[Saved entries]
________________

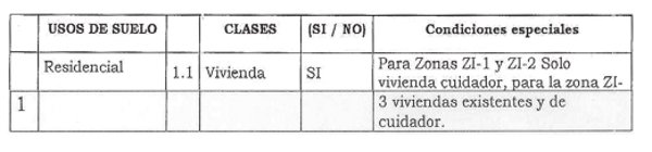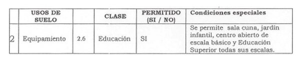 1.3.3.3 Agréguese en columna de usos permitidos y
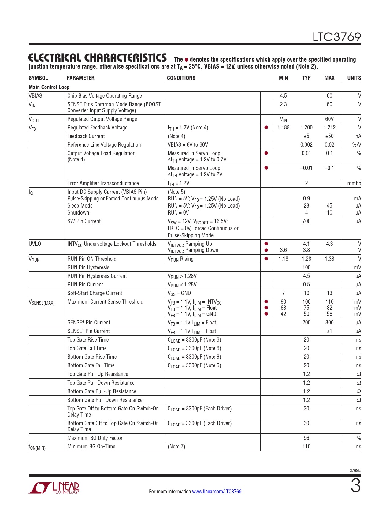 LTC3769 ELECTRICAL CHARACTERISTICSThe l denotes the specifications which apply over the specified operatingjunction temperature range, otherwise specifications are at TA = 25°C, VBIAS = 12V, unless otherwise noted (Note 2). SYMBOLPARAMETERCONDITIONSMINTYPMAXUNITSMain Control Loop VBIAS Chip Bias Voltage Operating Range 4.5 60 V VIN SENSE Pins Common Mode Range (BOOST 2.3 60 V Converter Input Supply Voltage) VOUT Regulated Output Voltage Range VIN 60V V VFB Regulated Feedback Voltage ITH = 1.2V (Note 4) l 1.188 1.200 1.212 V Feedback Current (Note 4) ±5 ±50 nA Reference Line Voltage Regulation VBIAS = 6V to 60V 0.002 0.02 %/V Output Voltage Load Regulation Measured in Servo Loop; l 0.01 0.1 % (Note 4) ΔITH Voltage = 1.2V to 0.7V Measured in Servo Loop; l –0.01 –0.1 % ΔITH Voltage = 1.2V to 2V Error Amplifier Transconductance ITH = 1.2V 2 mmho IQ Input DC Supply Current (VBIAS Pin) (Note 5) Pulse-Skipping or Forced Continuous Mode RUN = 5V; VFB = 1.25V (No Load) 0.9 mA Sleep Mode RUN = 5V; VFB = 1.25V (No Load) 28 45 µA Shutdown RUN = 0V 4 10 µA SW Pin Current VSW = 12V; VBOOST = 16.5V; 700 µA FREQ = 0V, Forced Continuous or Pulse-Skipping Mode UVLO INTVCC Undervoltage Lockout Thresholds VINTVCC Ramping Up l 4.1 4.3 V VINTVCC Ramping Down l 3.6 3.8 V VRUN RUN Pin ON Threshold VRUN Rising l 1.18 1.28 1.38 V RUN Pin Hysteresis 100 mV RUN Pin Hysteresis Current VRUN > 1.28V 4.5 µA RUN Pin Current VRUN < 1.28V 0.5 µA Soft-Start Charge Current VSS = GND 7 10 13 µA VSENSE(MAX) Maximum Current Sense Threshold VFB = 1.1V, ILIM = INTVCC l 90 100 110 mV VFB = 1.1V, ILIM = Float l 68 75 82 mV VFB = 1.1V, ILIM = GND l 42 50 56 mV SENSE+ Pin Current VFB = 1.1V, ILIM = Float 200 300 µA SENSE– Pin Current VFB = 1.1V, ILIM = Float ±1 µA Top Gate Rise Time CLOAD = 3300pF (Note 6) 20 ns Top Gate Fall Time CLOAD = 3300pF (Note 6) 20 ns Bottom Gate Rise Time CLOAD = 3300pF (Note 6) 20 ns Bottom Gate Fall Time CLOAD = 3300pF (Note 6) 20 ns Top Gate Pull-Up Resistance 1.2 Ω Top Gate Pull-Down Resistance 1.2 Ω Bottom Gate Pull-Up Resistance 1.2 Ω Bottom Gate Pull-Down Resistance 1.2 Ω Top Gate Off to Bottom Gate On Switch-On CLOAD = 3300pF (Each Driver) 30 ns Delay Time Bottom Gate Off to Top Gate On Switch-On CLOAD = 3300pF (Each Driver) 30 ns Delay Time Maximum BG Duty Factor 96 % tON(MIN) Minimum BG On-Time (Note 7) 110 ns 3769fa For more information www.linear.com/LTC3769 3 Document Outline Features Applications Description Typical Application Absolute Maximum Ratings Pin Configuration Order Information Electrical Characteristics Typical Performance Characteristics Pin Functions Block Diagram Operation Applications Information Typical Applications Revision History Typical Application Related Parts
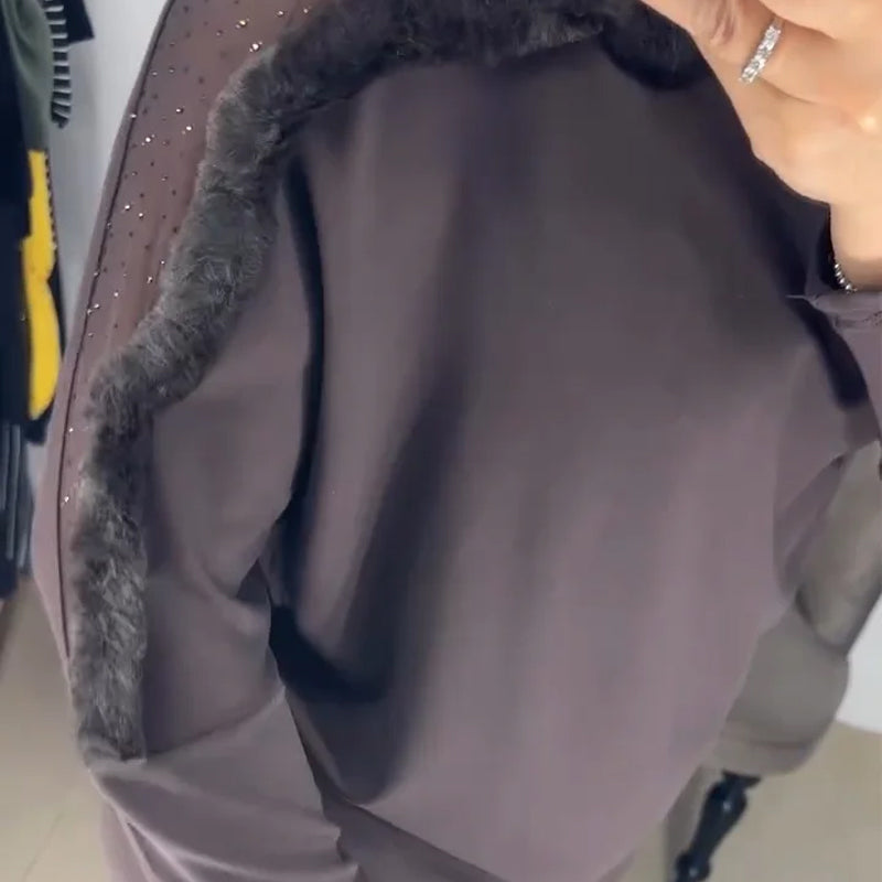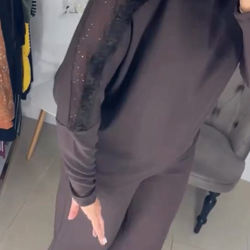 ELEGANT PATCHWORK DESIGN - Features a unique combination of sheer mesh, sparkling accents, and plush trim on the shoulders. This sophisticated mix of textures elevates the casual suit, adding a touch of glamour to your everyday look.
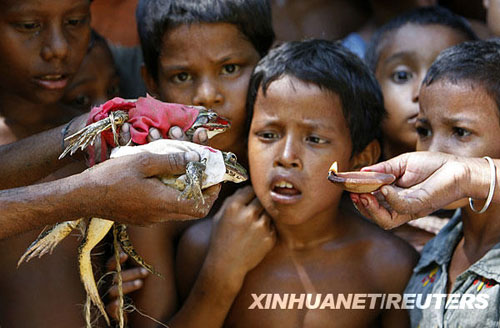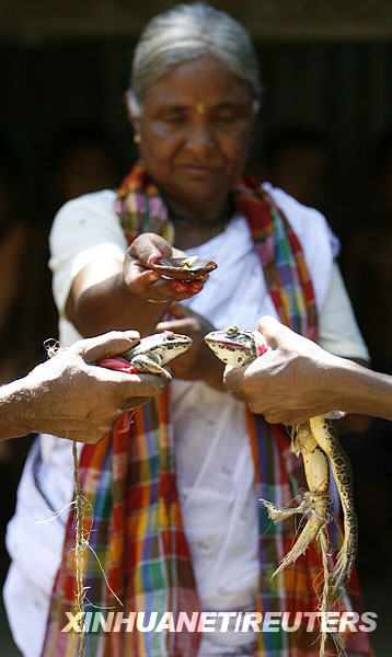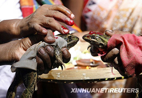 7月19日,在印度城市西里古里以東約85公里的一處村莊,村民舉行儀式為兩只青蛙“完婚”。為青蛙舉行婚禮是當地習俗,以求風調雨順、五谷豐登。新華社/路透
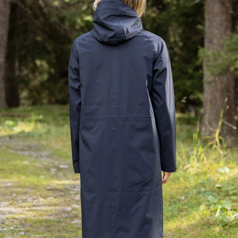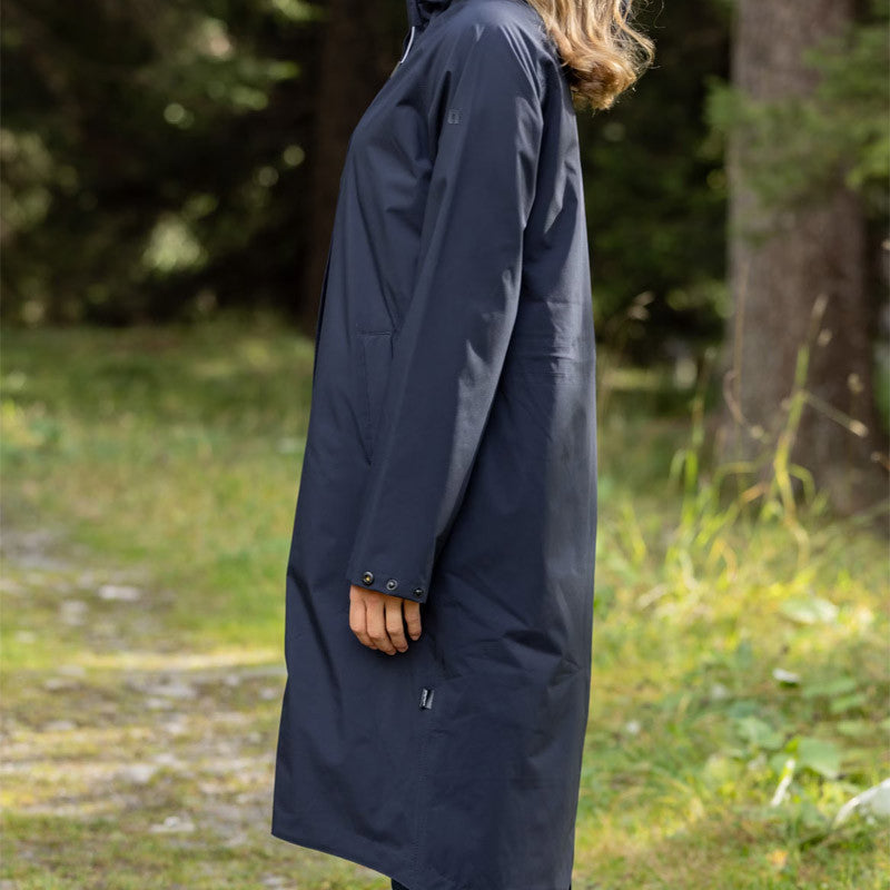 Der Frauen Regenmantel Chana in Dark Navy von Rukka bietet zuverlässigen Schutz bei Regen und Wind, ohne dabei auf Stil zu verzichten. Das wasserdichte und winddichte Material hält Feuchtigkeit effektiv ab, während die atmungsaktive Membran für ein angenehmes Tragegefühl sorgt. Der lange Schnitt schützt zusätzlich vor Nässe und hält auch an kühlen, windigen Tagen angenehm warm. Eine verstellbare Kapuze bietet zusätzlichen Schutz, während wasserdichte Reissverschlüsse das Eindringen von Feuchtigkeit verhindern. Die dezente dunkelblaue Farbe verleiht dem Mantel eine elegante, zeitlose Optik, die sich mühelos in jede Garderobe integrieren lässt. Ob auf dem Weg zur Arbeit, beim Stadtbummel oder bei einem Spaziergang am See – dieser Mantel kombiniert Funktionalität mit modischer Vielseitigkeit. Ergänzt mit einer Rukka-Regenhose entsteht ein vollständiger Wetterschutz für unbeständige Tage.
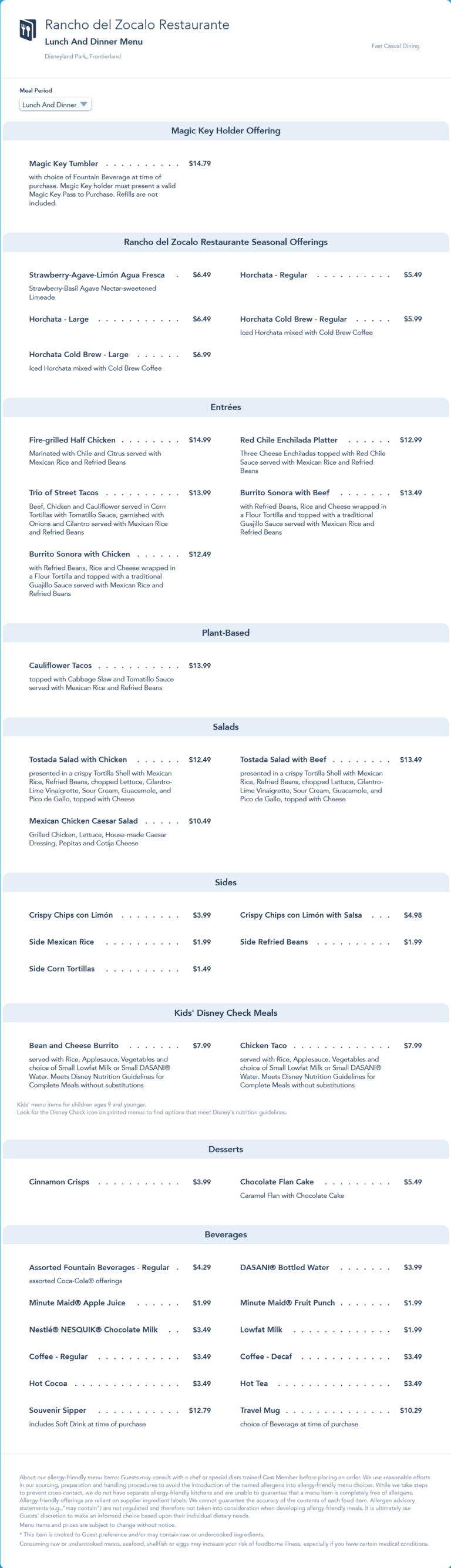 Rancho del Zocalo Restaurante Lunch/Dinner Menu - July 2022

________________

### Task description
Drop the pictures, then transcribe the lines from the one containing "Der Frauen Regenmantel" to the end of the data above, exactly and nothing more.

### Written response
 Der Frauen Regenmantel Chana in Dark Navy von Rukka bietet zuverlässigen Schutz bei Regen und Wind, ohne dabei auf Stil zu verzichten. Das wasserdichte und winddichte Material hält Feuchtigkeit effektiv ab, während die atmungsaktive Membran für ein angenehmes Tragegefühl sorgt. Der lange Schnitt schützt zusätzlich vor Nässe und hält auch an kühlen, windigen Tagen angenehm warm. Eine verstellbare Kapuze bietet zusätzlichen Schutz, während wasserdichte Reissverschlüsse das Eindringen von Feuchtigkeit verhindern. Die dezente dunkelblaue Farbe verleiht dem Mantel eine elegante, zeitlose Optik, die sich mühelos in jede Garderobe integrieren lässt. Ob auf dem Weg zur Arbeit, beim Stadtbummel oder bei einem Spaziergang am See – dieser Mantel kombiniert Funktionalität mit modischer Vielseitigkeit. Ergänzt mit einer Rukka-Regenhose entsteht ein vollständiger Wetterschutz für unbeständige Tage.
 Rancho del Zocalo Restaurante Lunch/Dinner Menu - July 2022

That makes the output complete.